From Hai Phong, we went back to Ha Noi by train. We passed countless rice fields and small villages. Amidst Vietnamese families, we got to know their way of traveling. It was very exciting to see what they eat during the trip. Many had food with them, like sunflower seeds, fruit, or biscuits. But there was also a mobile bar with coffee and snacks. Very unusual for us were the banana leaf packets with cooked food in them that you could buy from the mobile bar.
Phan Thiet and Nui Me
From Ha Noi, we continued by plane to Nha Trang from where we drove with a private driver to Phan Thiet. Phan Thiet and especially Nui Me are very touristic, with beautiful beaches, countless hotels, and restaurants.

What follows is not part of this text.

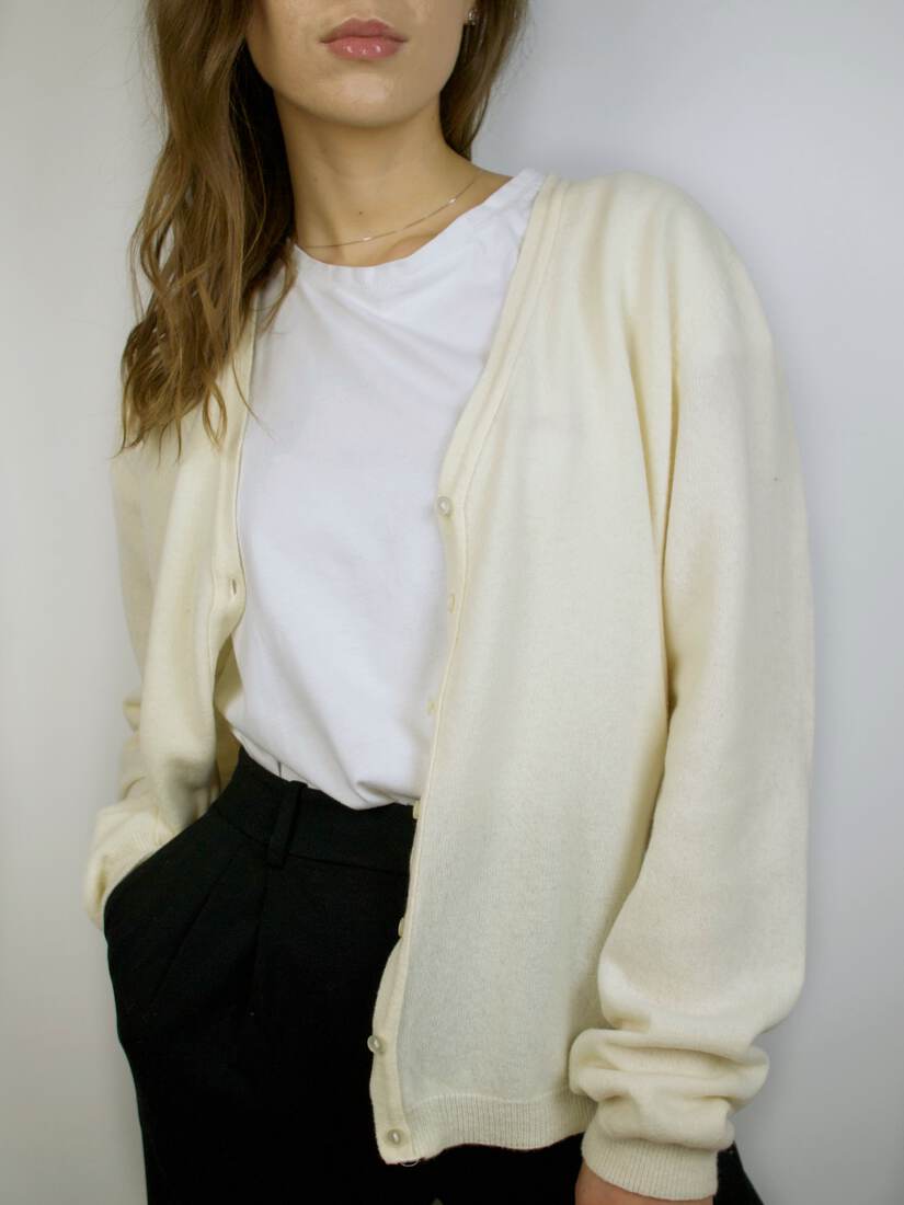 Wełniany kardigan marki Benetton. Wycięta metka z rozmiarem, jest dość uniwersalny, moim zdaniem będzie pasować na M, lub na mniejsze jako luźny. Idealny stan.

We wanted to visit a fish sauce factory to see how this omnipresent fish sauce (Nuoc Mam) is produced. Unfortunately, we found almost no information on the internet and also in the hotel they knew nothing about a “factory”. We then found out that there are several small producers who sell their sauces directly at their own stand on the street. Between Phan Thiet and Nui Me we found what we were looking for (we just followed our nose) and even got to have a look into the barrels. Unfortunately, we didn’t get any explanations due to language difficulties.
For everyone who likes fish and seafood, we recommend having dinner at the Nui Me Fishing village. There everything comes to the table freshly caught!